Reflections on OS integration Eric Schrock's Weblog
Musings about Fishworks, Operating Systems, and the software that runs on them.

Thursday Jun 17, 2004

Before I start looking at some of problems we're addressing in Solaris, I want to step back and examine one of the more fundamental problems I've been seeing in the industry. In order to develop more powerful software quickly, we insert layers of abstraction to distance ourselves from the actual implmentation (let someone else worry about it). There is nothing inherently wrong with this; no one is going to argue that you should write your business critical web service in assembly language instead of Java using J2EE. The problem comes from the disturbing trend that programmers are increasingly less knowledgeable about the layers upon which they build.

Most people can sit down and learn how to program Java or C, given enough time. The difference between an average programmer and a gifted programmer is the ability to truly understand the levels above and below where one works. For the majority of us1, this means understanding two things: our development platform and our customers. While understanding customer needs is a difficult task, a more tragic problem is the failure of programmers to understand their immediate development environment.

If you are a C programmer, it is crucial that you understand how virtual memory works, what exactly happens when you write to a file descriptor, and how threads are implemented. You should understand what a compiler does, how the dynamic linker works, and how the assembly code the compiler generates really works. If you are a Java programmer, you need to understand how garbage collection works, how java bytecodes are interpreted, and what JIT compiling really does. Just because you don't need to know the OS works doesn't mean you shouldn't. Knowing your environment encourages good software practice, as well as making you more effective at solving problems when they do occur.

Unfortunately, everything in the world is not somebody else's fault. As these new layers are added, things tend to become less and less observable. Not to mention that poor documentation can ruin an otherwise great tool. You may understand how a large number of cross calls can be the product of a misbehaving application, but if you can't determine where they're coming from, what's the point? We in the Solaris group develop tools to provide useful layers of abstraction, as well as tools that rip the hood off2 so you can see what's really happening inside.

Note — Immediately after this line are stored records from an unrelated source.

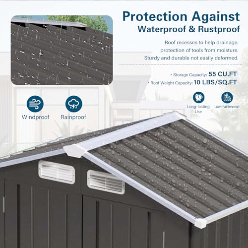 [High-quality metal material, durable] Made of pre-painted galvanized steel with multiple anti-rust treatments for excellent weather resistance and corrosion resistance. Equipped with a sealed waterproof roof and wind-resistant structure, compared with wooden or plastic storage sheds, the metal material has higher strength and durability, and is not easy to deform, crack and fade.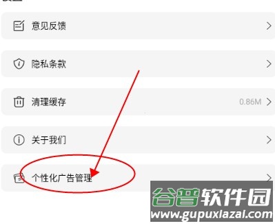 2. 在设置菜单中找到个性化广告推荐相关条目;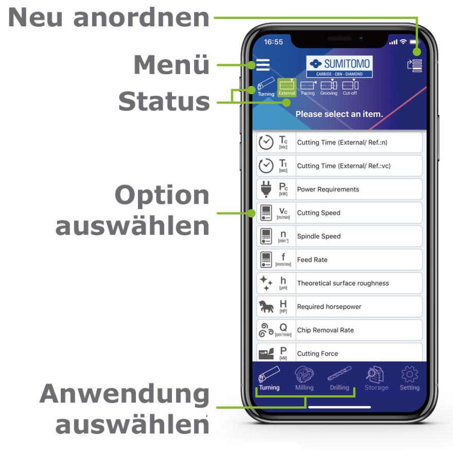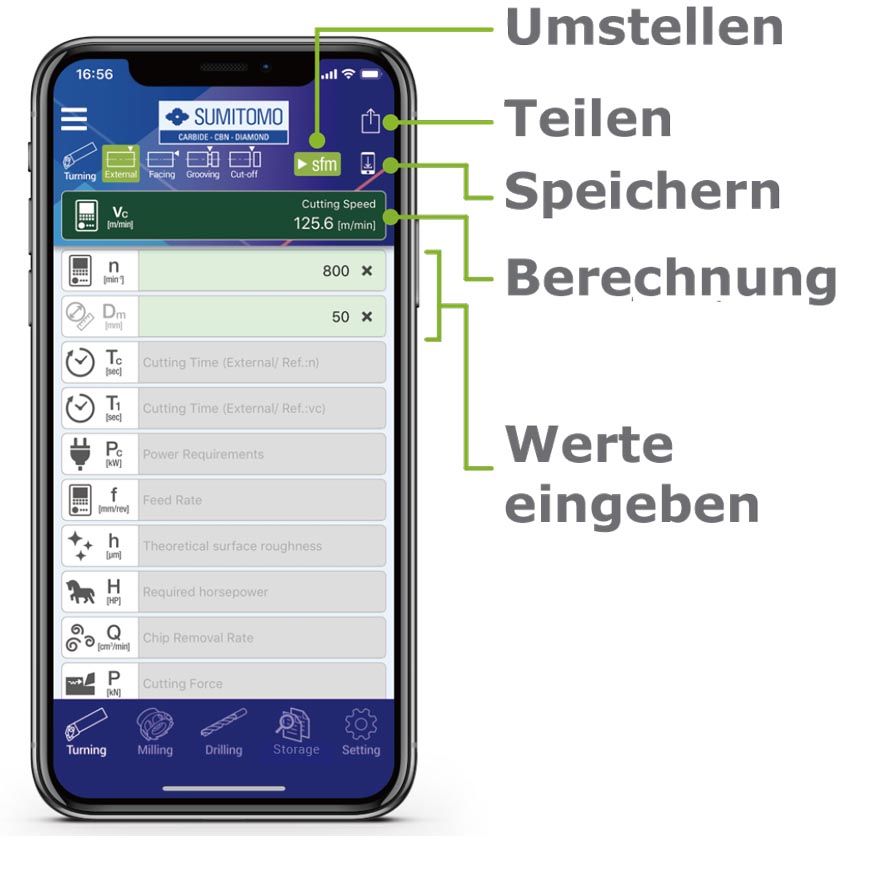 Berechnen Sie mit unserem SumiTool Calculator die optimalen Bearbeitungsparameter für das Drehen, Fräsen und Bohren.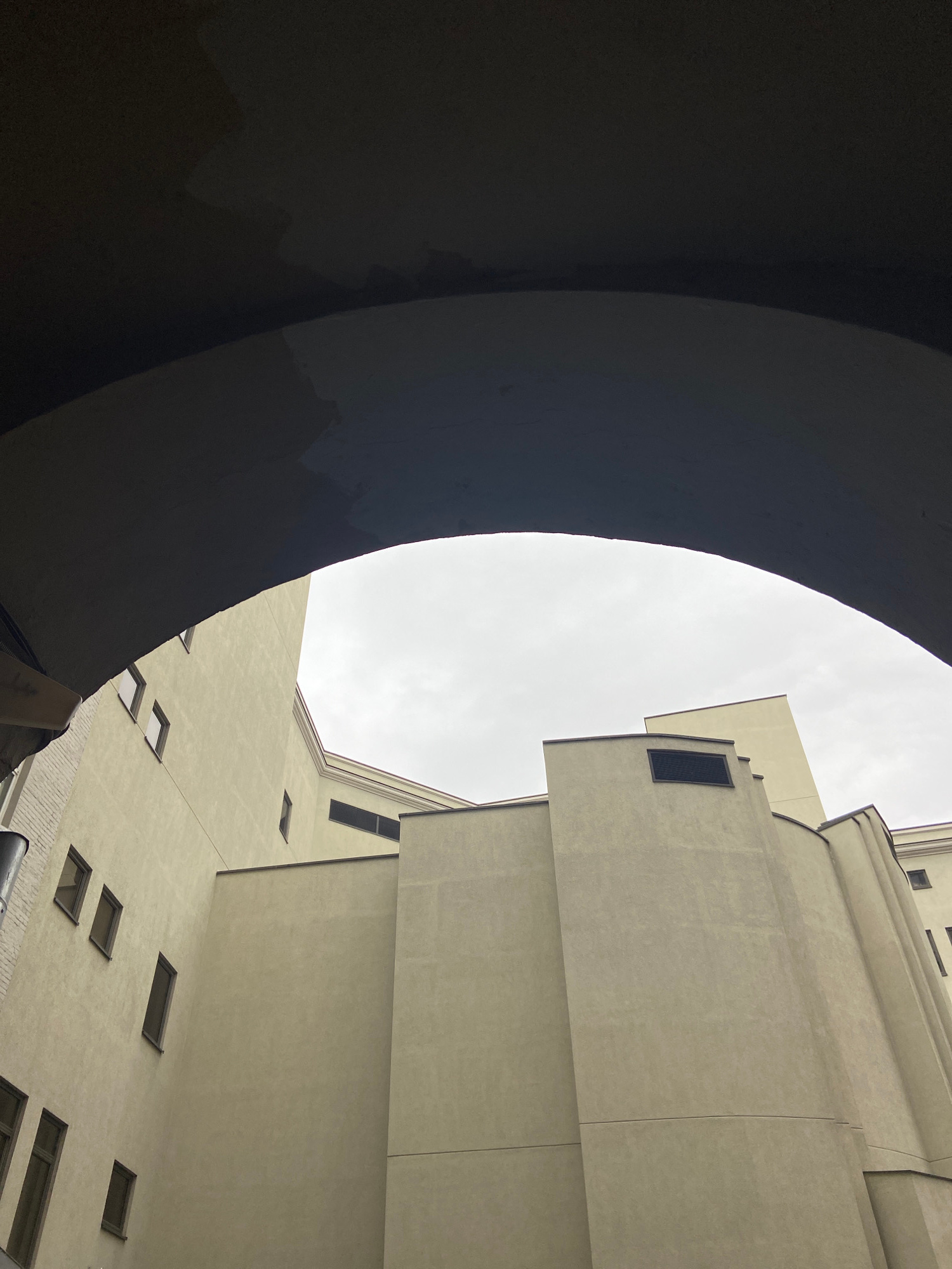 The image is a low-angle shot looking up at a building facade with a large, dark, circular structure partially obscuring the view on the left. The building is a light beige color, with a series of rec…read more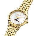 Amalys AMW-204 — женская модель с элегантным классическим стилем и утончёнными деталями. Круглый корпус изготовлен из нержавеющей стали с PVDPVDУльтратонкое покрытие наносится в технике вакуумного напыления, сочетает в себе нитрид титана особой прочности со слоем золота или оксида хрома. Несёт в себе декоративную или защитную функцию.-покрытием золотистого оттенка и гармонирует с браслетом в том же исполнении, состоящим из звеньев и обеспечивающим комфортное прилегание к запястью. Защитную функцию выполняет сапфировое стеклоСапфировое стеклоПрочный и надёжный материал из кристалла сапфира синтетического происхождения, характеризующийся особой твёрдостью и устойчивостью к царапинам и повреждениям., которое отличается стойкостью к царапинам и сохраняет высокую прозрачность. В основе лежит кварцевый механизм, гарантирующий точность хода и простоту эксплуатации. Циферблат украшен изящными римскими цифрами и метками, дополнен утончённым индикатором фаз Луны, который придаёт часам особый шарм и делает их акцентной деталью образа. Водозащита 3 ATM защищает от случайных брызг и дождя. Модель сочетает функциональность и изысканность, подойдёт как для повседневного стиля, так и для особых случаев.

Before I start examining some of these tools, I just wanted to point out that there is a large human factor involved that is out of our hands. The most powerful tool in the world can be useless in the hands of someone without a basic understanding of their system. Hopefully by providing these tools we can simultaneously expose the inner workings while sparking desire to learn about these inner workings. So take some some time to read a good book once in a while.


1For us kernel developers, the landscape is a little different. We have to work with a multitude of difference hardware (development platforms) in order to provide an effectively limitless number of solutions for our customers. I like to think that kernel engineers are pound-for-pound the best group of programmers around because of this, but maybe that's just my ego talking.

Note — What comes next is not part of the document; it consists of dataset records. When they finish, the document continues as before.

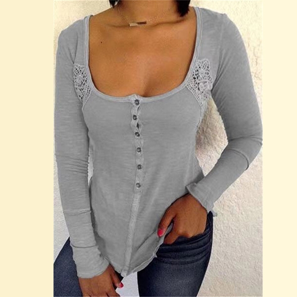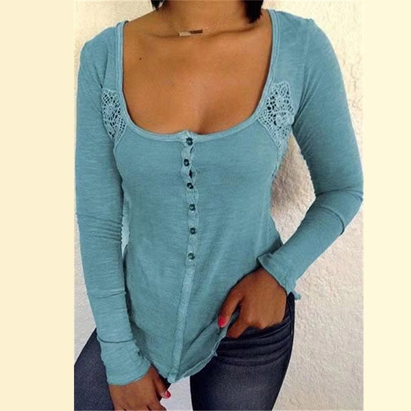 Solid color style,finished with long sleeve and U-neck design,the lace spliced and front buttons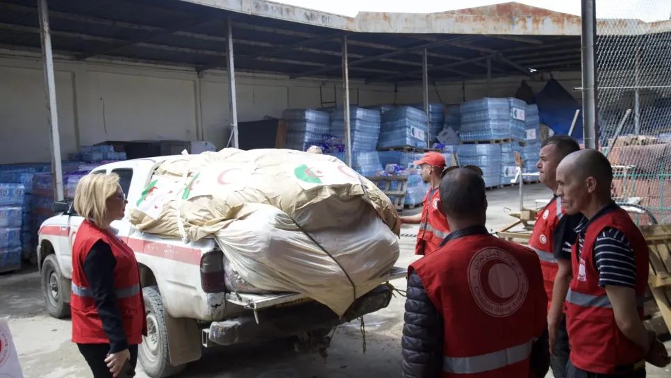 أشرفت رئيسة الهلال الأحمر الجزائري، حملاوي ابتسام، اليوم الإثنين، على شحن الدفعة الثالثة من المساعدات لصالح المتضررين جراء الفيضانات الأخيرة التي مست ولاية تيبازة. وأكدت حملاوي على الجاهزية التامة لمخازن الهلال الأحمر الجزائري وتوفر كل الإمكانيات اللازمة لكل طارئ. وتمثلت المساعدات المرسلة في أفرشة، أغطية، حفاظات للكبار والصغار وغيرها.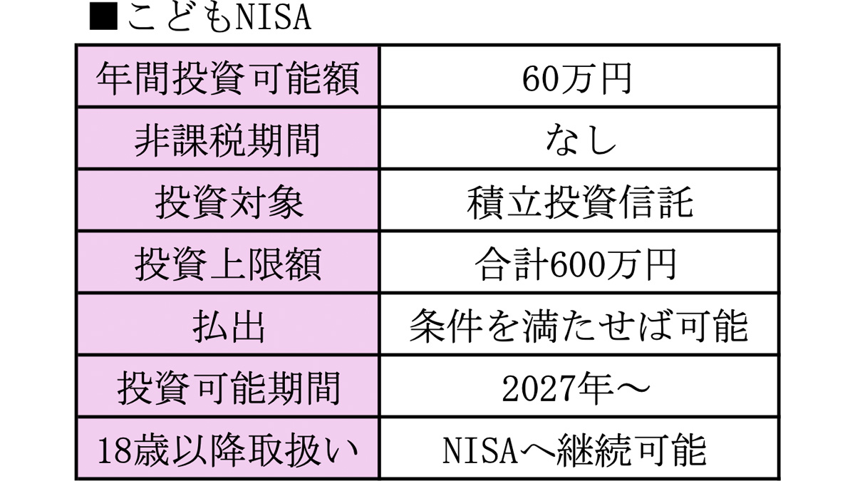 新たに開始される「こどもNISA」は、年間60万円まで投資可能で、上限は600万円までとなる予定だ。NISAのつみたて投資枠と同様の、積立による投資信託への投資が対象となる。
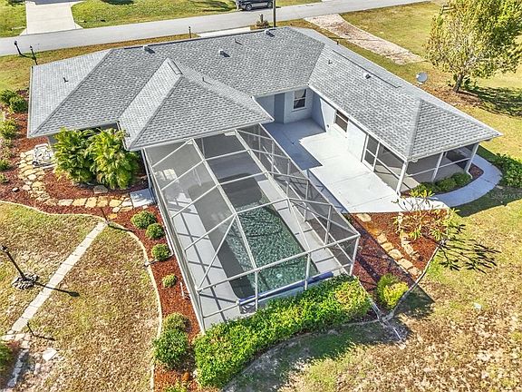 Exceptional opportunity to own a spacious single-family pool home situated on three lots with freshwater canal frontage. This well-maintained residence offers Split floor plan, four bedrooms, three full bathrooms, and a two-car garage, providing both functionality and comfort. The home features an open and inviting floor plan with abundant natural light throughout. The main living area flows seamlessly into the Living/ dining and kitchen spaces, creating an ideal setting for everyday living and entertaining. The kitchen features plenty of wooden cabinets, spacious countertops, and an eat-in area for relaxed meals. The fourth bedroom was added as an in-law suite and is currently being utilized as a den. It includes its own private bathroom, closet, and lanai overlooking the pool and canal. This provides flexibility for guests, multi-generational living, or a private office space. Enjoy outdoor living at its finest with a screened-in pool area overlooking the tranquil freshwater canal. The property boasts mature landscaping and a concrete pad perfect for a firepit, additional seating, or sunbathing. The expansive triple lot offers plenty of space for recreation, gardening, all your toys or future expansion. SimpliSafe Security system and hurricane shutter This home combines comfort, privacy, and outdoor living in a peaceful setting. Spacious 4-bedroom, 3-bath home has hurricane shutter, SimpliSafe Security system, two septic tanks an overhead plumbing. Recent updates include a new roof and gutters (December 2022), plus a new garage door, (November 2023) new air conditioner, and ductwork Experience the best of the Florida lifestyle — schedule your private showing today!
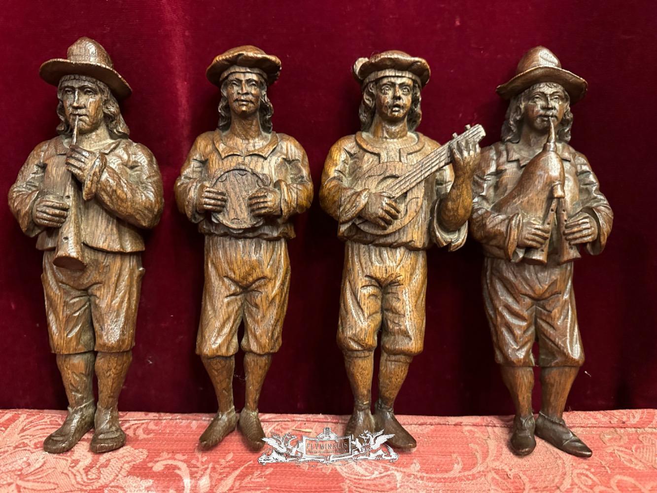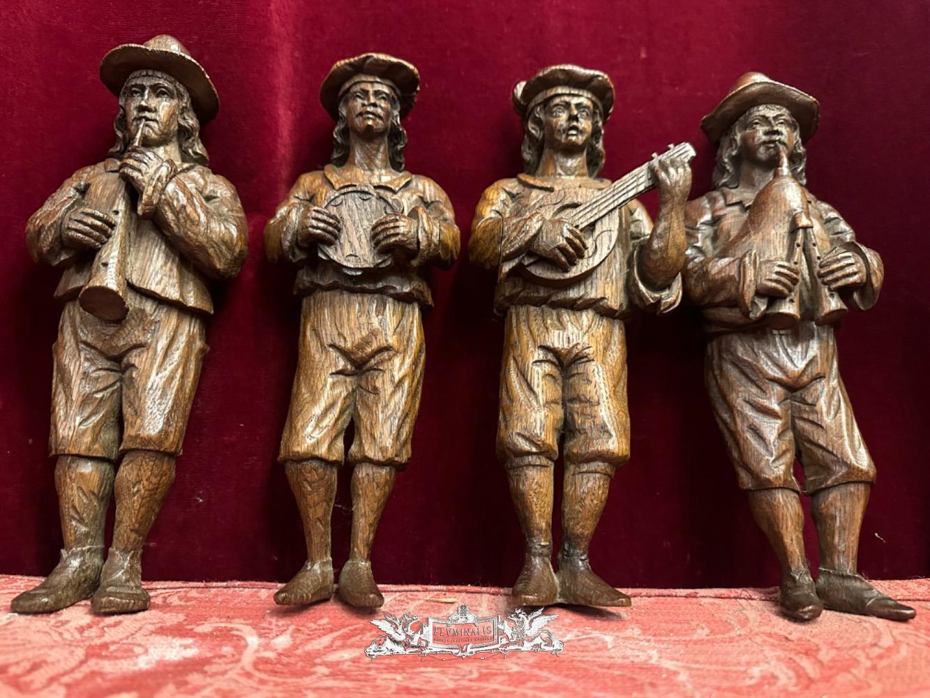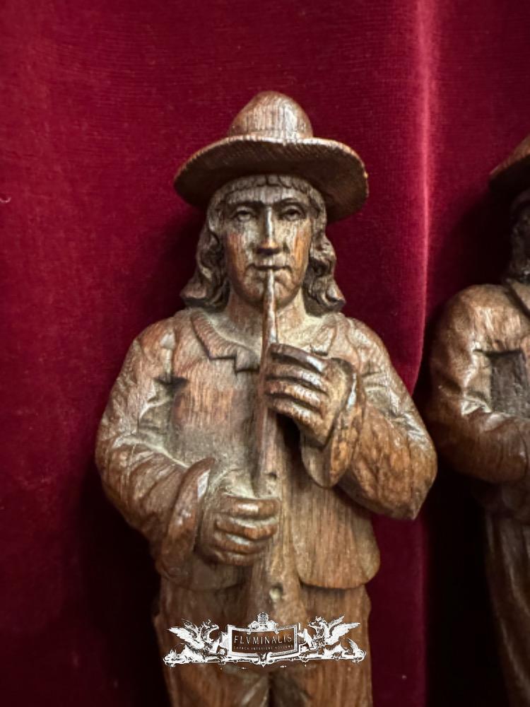 Itinerant Musiciens / Vagabond Pipers en Fully Hand - Carved Wood Oak, Belgium 19 th century

2Scott is in the habit of talking about how we sell cars, not auto parts. Does that mean we also provide the Jaws of Life to save you after you crash your new Enzo?

So begins my first blog post ever.

I have been a Solaris Kernel Engineer for 10 months now after graduating from my alma mater. Since I joined so late in the Solaris 10 development cycle, I have not had the pleasure of working on one of the larger S10 projects such as DTrace, Zones (N1 Grid Containers), FMA (Predictive Self Healing), or ZFS. But this has given me the unique opportunity to attack bits and pieces of Solaris from all directions. In particular, I have spent more than a few lonely nights with mdb, procfs, and the ptools. I've enjoyed growing up in this playground built by Mike Shapiro, Adam Leventhal, Roger Faulkner, and those who came before me. More recently, I have been drafted into service for the AMD64 (opteron) army, selflessly sacrificing my free time for the good of our porting effort.

From here, I will most likely continue to post about Solaris development as well as general software principles. You'll likely see a focus on software observability, debugging, and complexity. This comes with the territory, as you can see from Bryan's blog. It is not a coincidence that we kernel engineers share similar views and goals. It is an essential part of the philosophy that makes Solaris what it is today: a robust, reliable, manageable, serviceable, and observable operating system.